Instructions for the task> Copy out exactly the lines spanning the line with "- Produtos permitidos" to the line with "Nabízíme odolnou markýzu", inclusive, from the data underneath, with no pictures.
*** Entries supplied ***
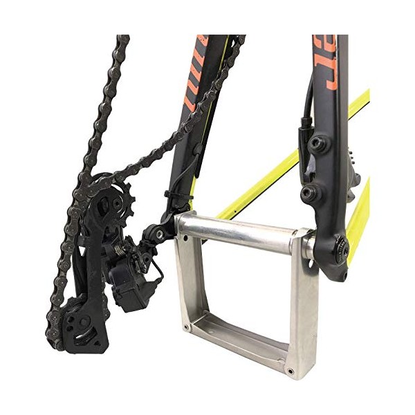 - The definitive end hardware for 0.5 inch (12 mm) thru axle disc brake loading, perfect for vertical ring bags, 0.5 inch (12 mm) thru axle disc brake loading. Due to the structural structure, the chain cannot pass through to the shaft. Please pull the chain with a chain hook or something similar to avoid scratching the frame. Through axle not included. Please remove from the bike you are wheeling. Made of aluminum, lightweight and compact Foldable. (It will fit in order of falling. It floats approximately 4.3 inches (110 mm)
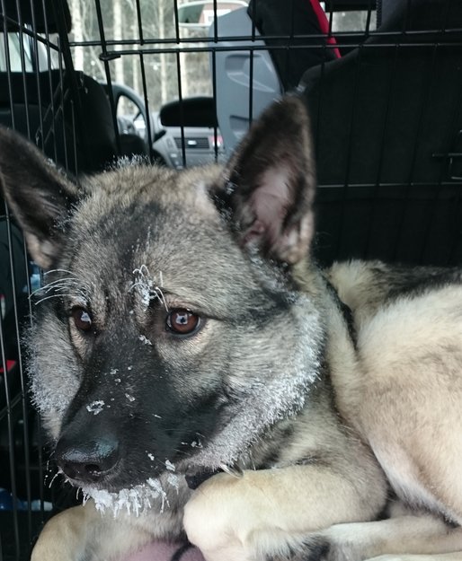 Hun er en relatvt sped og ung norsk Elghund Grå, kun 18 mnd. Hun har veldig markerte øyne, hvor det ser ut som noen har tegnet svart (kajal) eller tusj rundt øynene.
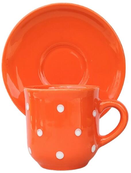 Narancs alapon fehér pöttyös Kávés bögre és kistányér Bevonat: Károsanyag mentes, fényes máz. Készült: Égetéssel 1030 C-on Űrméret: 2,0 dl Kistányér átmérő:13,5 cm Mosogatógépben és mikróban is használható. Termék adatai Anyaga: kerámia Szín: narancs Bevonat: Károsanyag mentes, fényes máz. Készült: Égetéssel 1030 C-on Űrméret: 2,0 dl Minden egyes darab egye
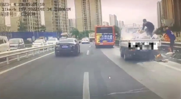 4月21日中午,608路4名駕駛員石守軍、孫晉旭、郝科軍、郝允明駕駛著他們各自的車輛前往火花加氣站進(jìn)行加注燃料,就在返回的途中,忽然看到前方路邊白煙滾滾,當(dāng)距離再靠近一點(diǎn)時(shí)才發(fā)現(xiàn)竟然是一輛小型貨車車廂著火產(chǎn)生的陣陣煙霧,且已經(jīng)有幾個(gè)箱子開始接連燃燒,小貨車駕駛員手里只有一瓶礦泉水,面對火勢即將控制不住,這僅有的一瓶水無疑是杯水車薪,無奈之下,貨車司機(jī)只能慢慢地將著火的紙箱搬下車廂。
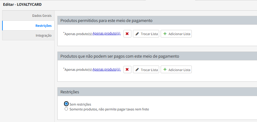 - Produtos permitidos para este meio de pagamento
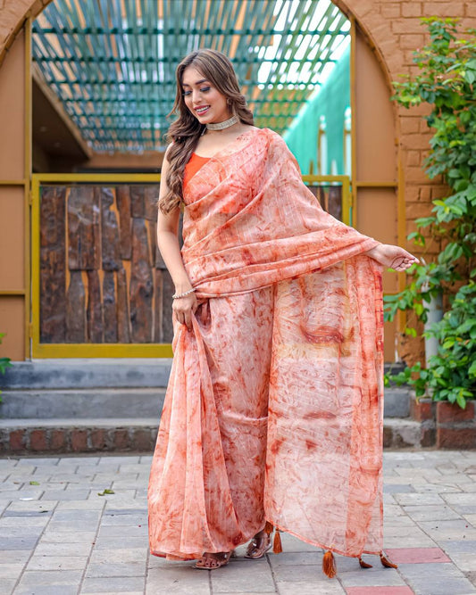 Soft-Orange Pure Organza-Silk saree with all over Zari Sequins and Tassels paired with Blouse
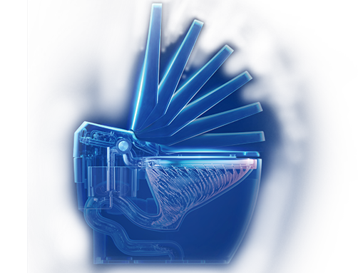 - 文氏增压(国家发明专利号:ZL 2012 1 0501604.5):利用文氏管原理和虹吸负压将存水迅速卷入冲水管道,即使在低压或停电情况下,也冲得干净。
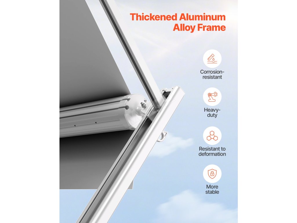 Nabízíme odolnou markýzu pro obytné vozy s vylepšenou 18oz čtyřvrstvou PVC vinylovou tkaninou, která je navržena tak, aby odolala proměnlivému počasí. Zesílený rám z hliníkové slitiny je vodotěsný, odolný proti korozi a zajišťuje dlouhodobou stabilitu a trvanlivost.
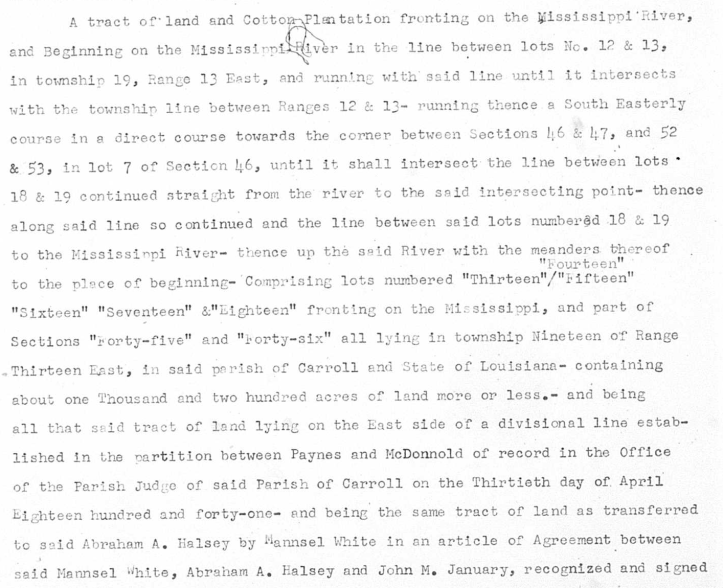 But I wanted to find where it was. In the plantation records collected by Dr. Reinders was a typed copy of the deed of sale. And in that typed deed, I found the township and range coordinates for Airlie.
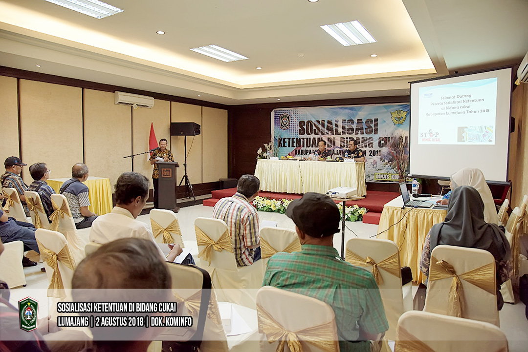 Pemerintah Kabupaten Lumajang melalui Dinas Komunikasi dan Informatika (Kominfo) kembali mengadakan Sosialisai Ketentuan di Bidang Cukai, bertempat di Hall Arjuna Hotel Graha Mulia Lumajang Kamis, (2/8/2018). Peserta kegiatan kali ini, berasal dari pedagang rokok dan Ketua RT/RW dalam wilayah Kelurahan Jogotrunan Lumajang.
*** End of Entries supplied ***
Problem solution>
 - Produtos permitidos para este meio de pagamento
 Soft-Orange Pure Organza-Silk saree with all over Zari Sequins and Tassels paired with Blouse
 - 文氏增压(国家发明专利号:ZL 2012 1 0501604.5):利用文氏管原理和虹吸负压将存水迅速卷入冲水管道,即使在低压或停电情况下,也冲得干净。
 Nabízíme odolnou markýzu pro obytné vozy s vylepšenou 18oz čtyřvrstvou PVC vinylovou tkaninou, která je navržena tak, aby odolala proměnlivému počasí. Zesílený rám z hliníkové slitiny je vodotěsný, odolný proti korozi a zajišťuje dlouhodobou stabilitu a trvanlivost.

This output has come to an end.